Joe Lane 2021-02-13T22:24:17.226100Z

Hey @genekim, long time no see! A few questions and recommendations: 1. Are the tweets considered immutable by now or do you need additional updates if they happen in the future (more comments, additional likes, etc.) 2. How many tweets do you have? 3. Unfortunately, I would not recommend storing big string blobs in Datomic. It can turn into a big head for a variety of reasons which I'm happy to go into more detail about if you're curious. 4. Will the tweet data be the only data in the database or is it a larger system? 5. Will you be running analysis over the tweets, or is this simply an archive of the data indexed by id? 6. Would you be interested in generating a schema for the tweet data? There are a few fun ways to analyze an edn datastructure and generate a schema. I could work out a close approximation to get you started if you sent me an edn file of one of the tweets (smartquotes are evil).

esp1 2021-02-13T22:36:46.226300Z

I would also be interested in understanding why storing big string blobs in Datomic is problematic - and also what would be considered 'big'. I'm assuming it may adversely impact indexing performance? I have a similar problem to @genekim and have considered storing the immutable large files in S3 under a uuid path and storing the path references in Datomic, but it would be nice if Datomic could support this use case out of the box. Are there any plans for Datomic to support this kind of thing in the future?

genekim 2021-02-13T22:47:38.226500Z

@lanejo01 Great to hear from you — I hope all is well! And thanks for the thoughtful questions — can’t wait to see where you go with this! 🙂 1. immutable, for sure. 2. about 50K tweets 3. For sure, after some research, I’m thinking this is wise.
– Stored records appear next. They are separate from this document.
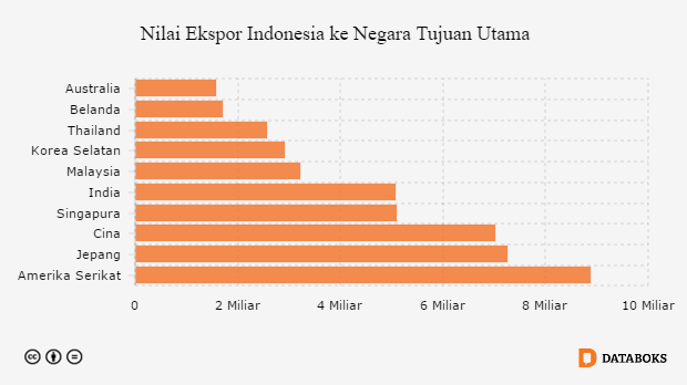 Amerika Serikat masih menjadi negara tujuan utama ekspor Indonesia pada 2016 meskipun mengalami penurunan. Menurut data Badan Pusat Statistik (BPS), nilai ekspor nonmigas Indonesia ke Negeri Paman Sam (Januari-Juli) 2016 tercatat US$ 8,87 miliar menyusut 1,5 persen dibanding periode yang sama tahun sebelumnya. Amerika menjadi pangsa pasar 12,39 persen ekspor nonmigas Indonesia
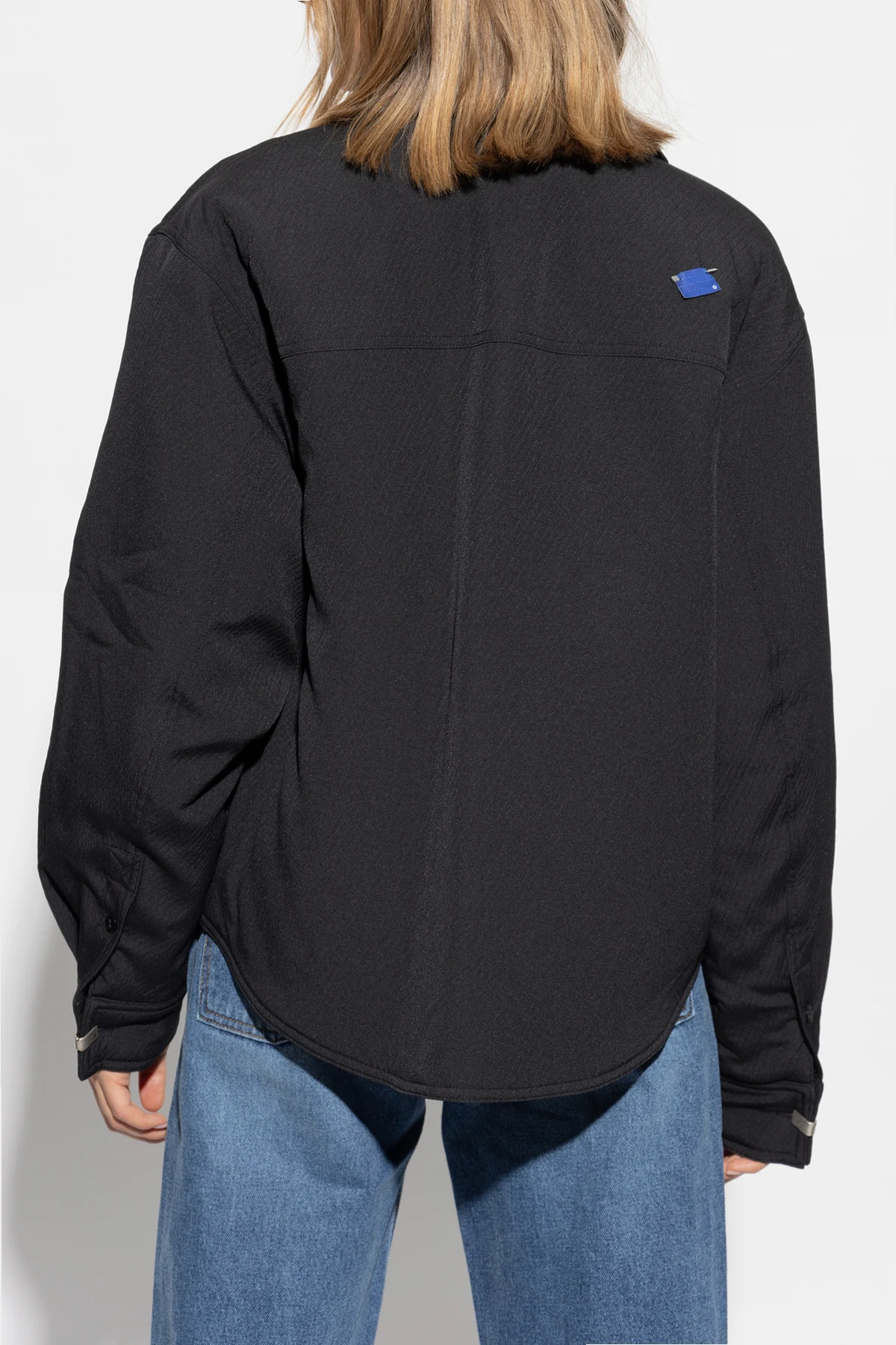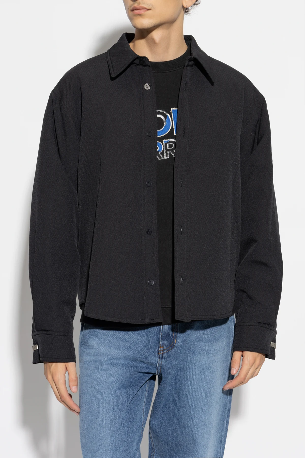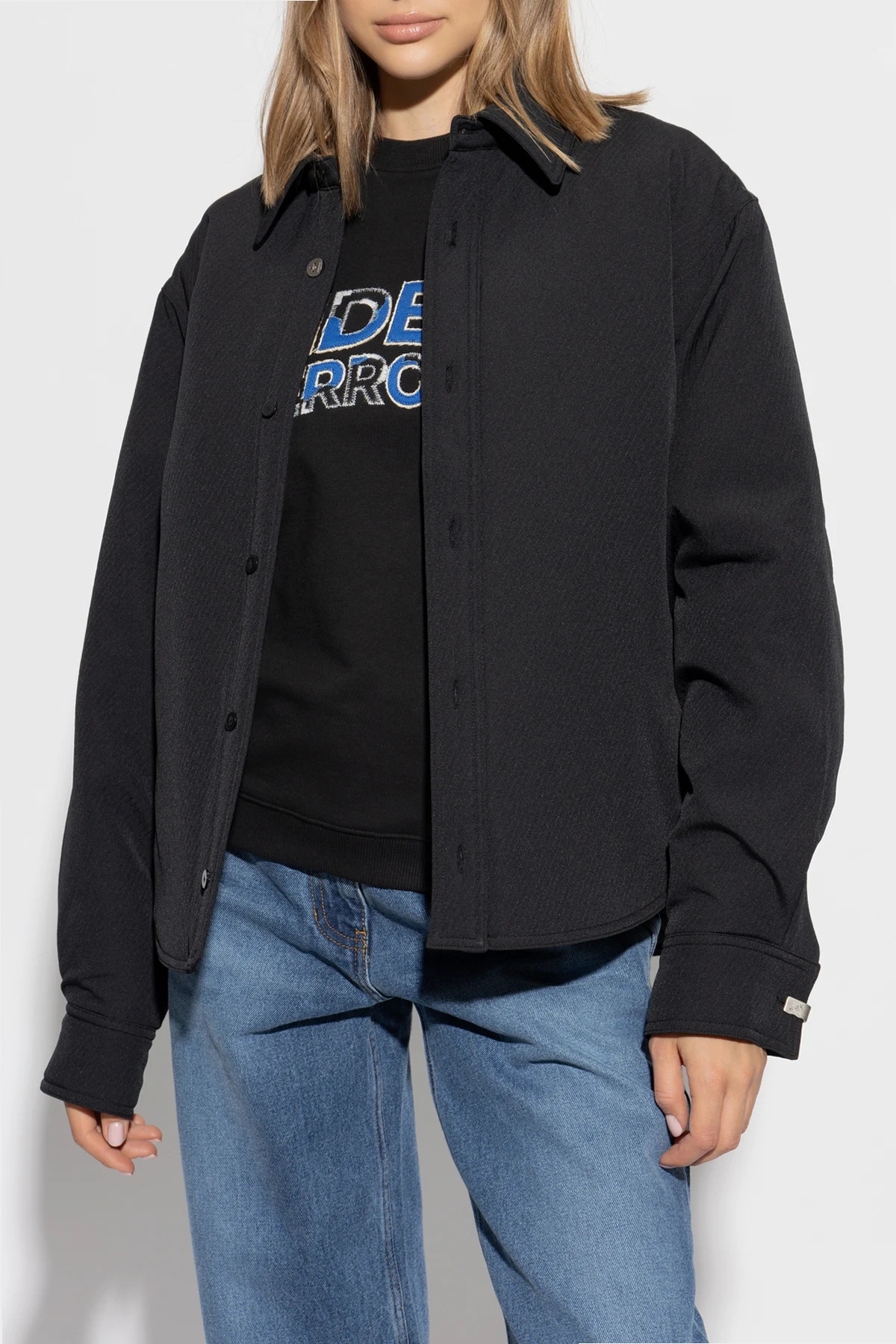 Introducing an exquisite blend of sartorial elegance and contemporary design, the Shirt-Style Jacket by Ader Error epitomizes sophisticated minimalism. This black jacket is meticulously crafted from premium materials, featuring a timeless shirt silhouette with a straight collar and long sleeves with adjustable snap cuffs. The rounded hem adds a subtle touch of refinement. Constructed from a robust fabric blend, this jacket ensures durability and a luxurious feel. The outer layer is made of 100% polyester, while the inner lining combines polyester and viscose for enhanced comfort. The polyester filling provides optimal warmth without compromising on style. The front button closure extends the full length of the jacket, offering a sleek, uninterrupted appearance. A small blue label on the upper back, adorned with the designer's logo, signifies the jacket's exclusive nature. The absence of visible front pockets underscores its minimalist aesthetic. Additional features include small metal accents on the cuffs, which serve as both functional fasteners and decorative elements. The unisex design is showcased through versatile styling, making it a perfect addition to any wardrobe, whether paired with jeans and a t-shirt for a casual look or dressed up for a more polished ensemble. Why Choose This Product? Exclusive design by Ader Error, a renowned South Korean brand. High-quality construction with durable and comfortable materials. Minimalist and sophisticated aesthetic. Unique unisex appeal, suitable for versatile styling. Subtle, elegant branding with the designer's signature blue label.
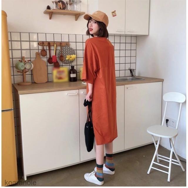 Tシャツワンピース レディース ワンピース ゆったり ロングTシャツ 夏 Tシャツワンピース Tシャツ 五分丈袖ワンピース サマーワンピース
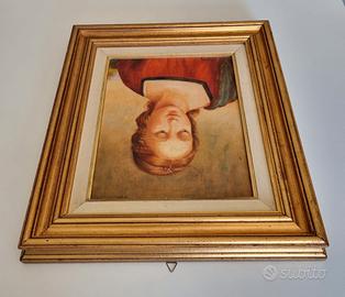 Dipinto ad olio su lastra di rame con ritratto della Madonna, realizzato dal noto pittore tedesco Leopold Reiser Vaney (1921 – 2002), ispirato al famoso dipinto “Madonna del Cardellino” di Raffaele Sanzio Dimensioni del dipinto e del quadro compresa cornice, rispettivamente pari a 23 x 29 cm e 40 x 46 cm; spessore cornice 5 cm.
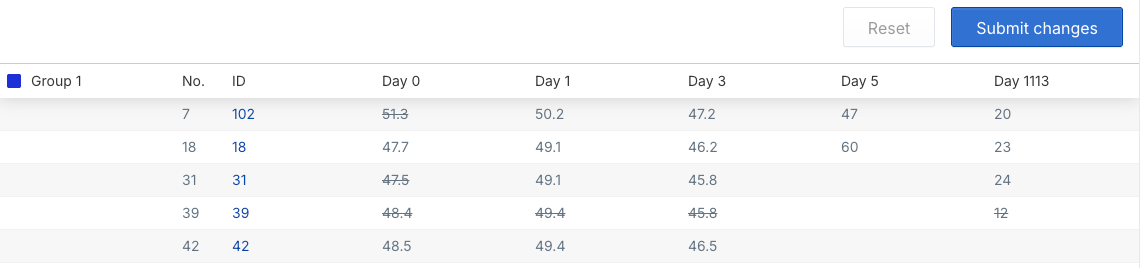 Benchling In Vivo makes it easy to visualize study data across animals and groups, so you can track results, spot trends, and make decisions faster.
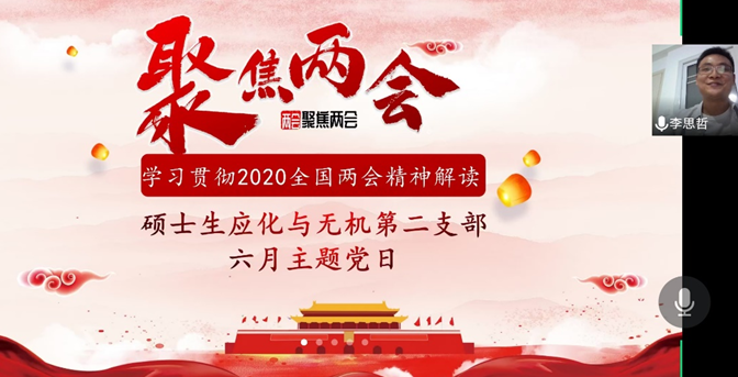 2020年6月29日晚,硕士生应化与无机第二党支部通过腾讯会议功能开展了6月份主题党日活动,党支部13位党员同志均积极参与,支部书记李思哲同志主持会议。会议主要聚焦在学习2020年全国“两会”精神,讨论相关学习心得以及讲解6月份时事等。
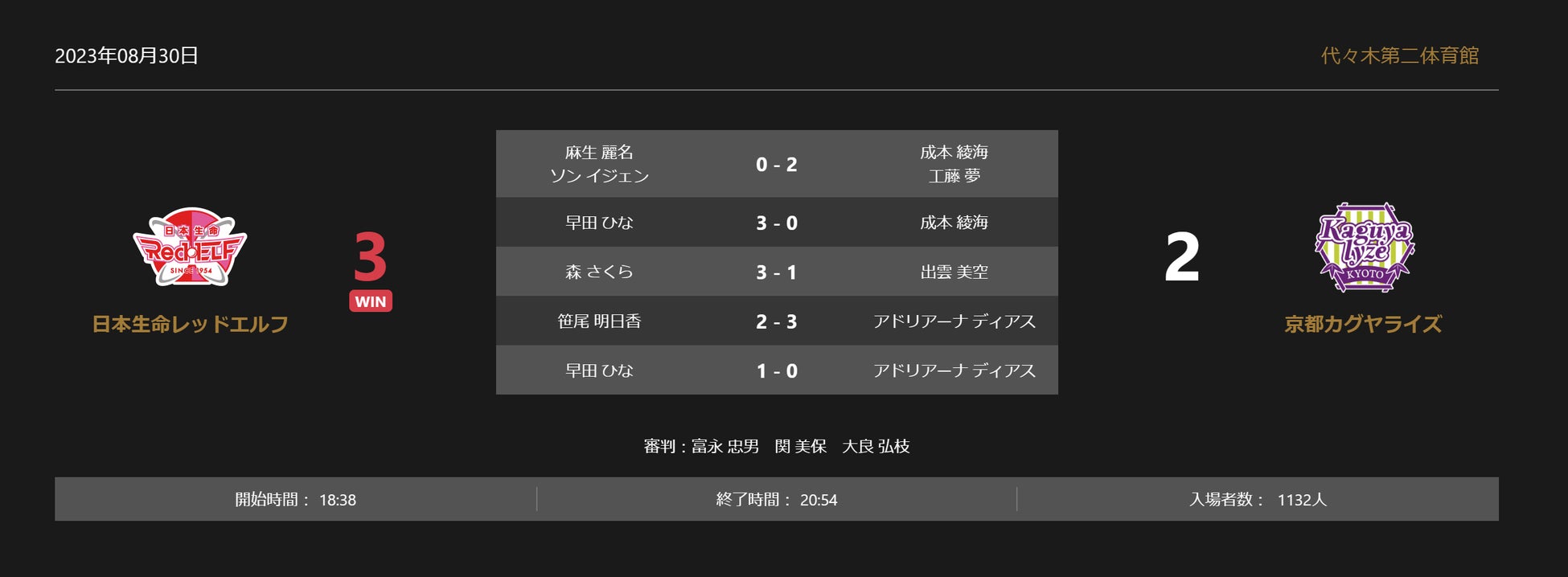 ノジマTリーグ 2023-2024シーズン 公式戦 8月30日開催 日本生命レッドエルフ vs 京都カグヤライズ の対戦は、3-2で日本生命レッドエルフが勝利しました。
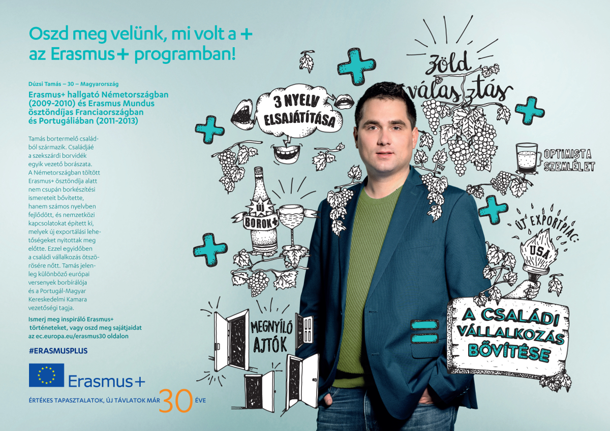 Ifj. Dúzsi Tamás szekszárdi borász az Erasmus+ program támogatásával tanult Németországban, később eljutott Franciaországba és Portugáliába is, és sok olyan embert ismerhetett meg, akik munkájában inspirálták.
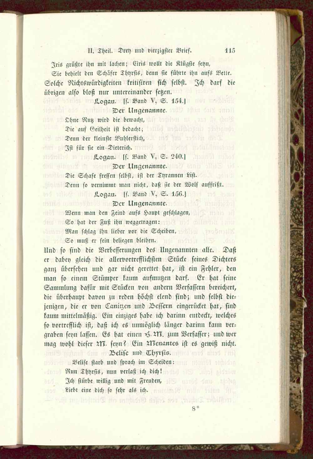 L.ogan. ss. Band V, S.Der Ungenannte-Die Schafe fressen selbst, ist der Tyrannen List.Vciin so vernimmt man nicht, daß sie der Wolf auffrißt.A.ogan. >s. Band V, S. 166.jDer Ungenannte-Wenn man den Feind aufs Haupt geschlagen,So hat der Fuß ihn weggetragen:Man schlag ihn lieber vor die Scheiben,So muß er fein beilegen bleiben.Und so sind die Verbesserungen des Ungenannten alle. Daßer dabey gleich die allcrvortrcfflichstcn Stücke seines Dichtersganz übersehen und gar nicht gerettet hat, ist ein Fehler, denman so einem Stümper kaum aufmutzen darf. Er hat seineSammlung dafür mit Stücken von andern Verfassern bereichert,die überhaupt davon zu reden höchst elend sind; und selbst die-jenigen, die er von Tanirzen und Bessern eingerücket hat, sindkaum mittelmäßig. Ein einziges habe ich darin» entdeckt, welchesso vortrefflich ist, daß ich es unmöglich länger darin» kann ver-graben seyn lassen. Es hat einen H 5N. zum Verfasser; und wermag wohl dieser N7 seyn? Ein Menantcs ist es gewiß nicht.Delisc und Thesis.Belisc starb und sprach im Scheiden:Nun Thyrsis, nun verlaß ich dich!Ich stürbe willig und mit Freuden,Liebt eine dich so sehr als ich.
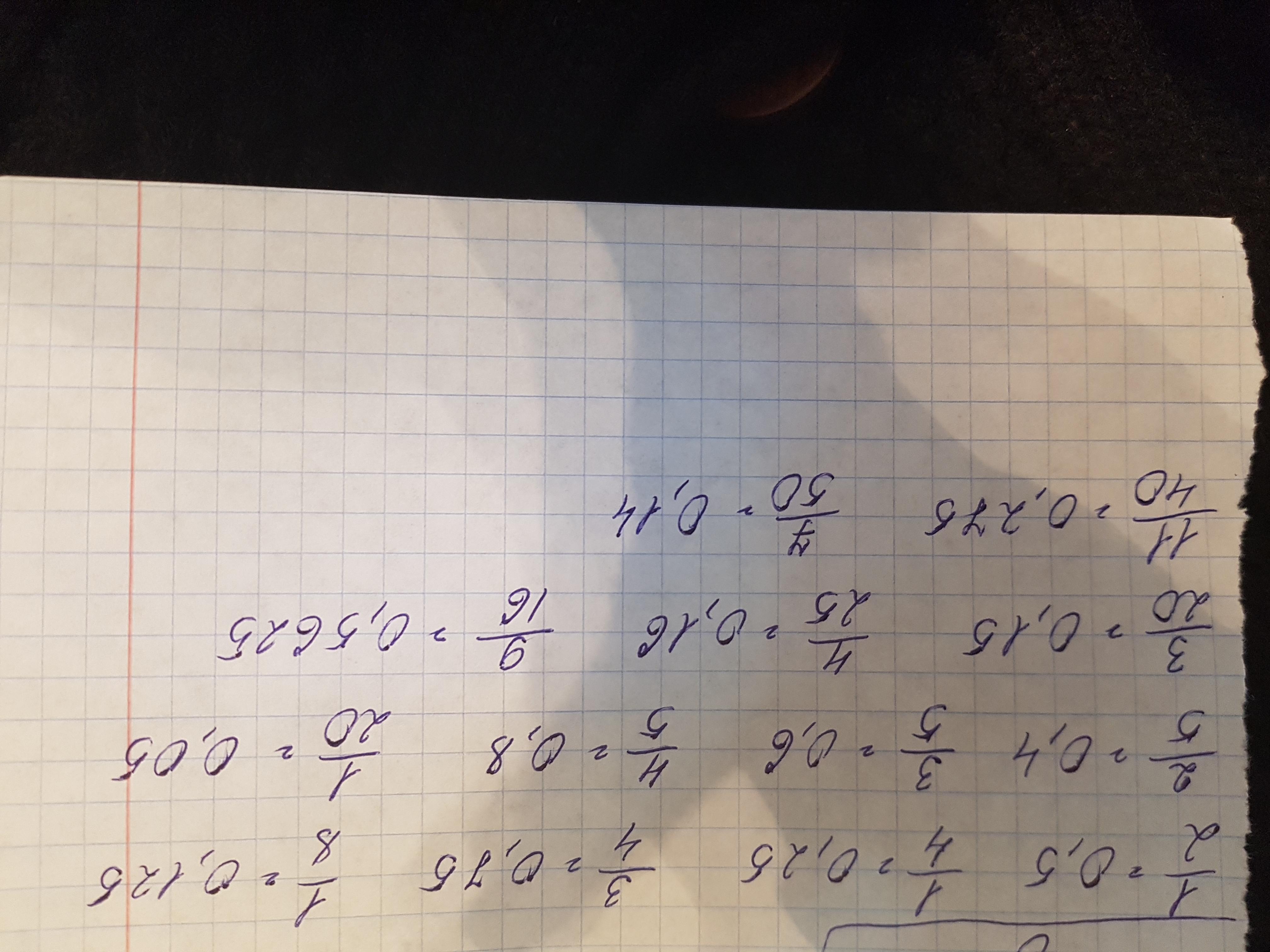 Запиши в виде десятичных дробей данные обыкновенной дроби 1/2 1/4 3/4 1/8 3 85878 2/5 3/5 4/5 1/20 3/20 4/25 9/16 11/40 7/50
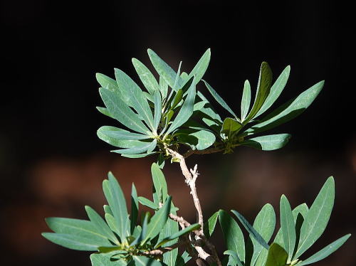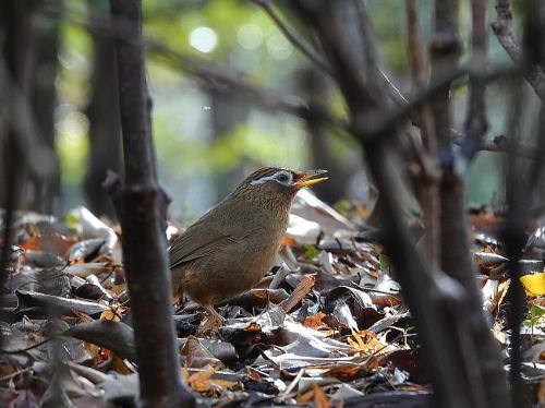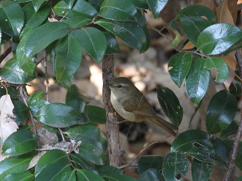 | シロハラ[2月20日] カサカサ音がしないと絶対に見つけられません。 | オニシバリ[2月20日] 葉の付け根に小さな黄色い花が咲いています。 | |

I suppose any database would do, right? (just store, say, MySQL row id into Datomic, as well as any parsed entities?) 4. I’m adding the tweets to one that was primarily about users, because it seems like it could be fun 5. At this point, no analysis… but I’m discovering processing is more significant than I had thought. I think it’d be super useful to extract all the graphics links, which would be great to store in Datomic. 6. Thanks for the offer — how about I post the schema when I’m a little further along. (After exploring the data, I think I’m going to extract all the images, which I’ve wanted to do for years — there are some pictures from conferences I know I either posted on Twitter, or just retweeted them.) So, I guess I’m going to pour all these 35K JSON entities into a CloudSQL MySQL table that I have laying around, and then transform/load into Datomic. Super helpful, Joe! Thank you!

ghadi 2021-02-13T23:27:38.226700Z

Hi @genekim. Adding to what @lanejo01 said, you've already done the important work of understanding the blob's size distribution. Blobs give you no leverage in Datomic. Extract and transact the information you want to query through, then add a Base64(SHA256(blob.json)) datom alongside, to point back to the blob. (Then you can store the blob on disk, EFS, S3. whatever)

ghadi 2021-02-13T23:29:29.227Z

content-addressing is a nice way to punt on the decision on how to transform the important parts of the source data

genekim 2021-02-13T23:35:54.227300Z

Hey, @ghadi! I did a double-take on your suggestion, because it was so startling. I was thinking that for each tweet, I’d store with it a, say, :mysql-tweet-id , so I could retrieve the original JSON. You’re suggesting that I not do that, and reference it by the hash of the JSON (e.g., tweet-sha) with each tweet, to completely remove any assumption of where that tweet is stored, right? (mysql, S3, etc.) Do I have that right? (my reaction to “content-addressing”: 🤯🤯)

ghadi 2021-02-13T23:36:28.227500Z

yeah just tweet-sha, not mysql-tweet-sha

genekim 2021-02-13T23:36:59.227700Z

Awesome! Thank you, all!

ghadi 2021-02-13T23:37:08.227900Z

otherwise in 5 years you'll wonder why the program is querying Postgres for data with mysql-tweet-id in it 😉

2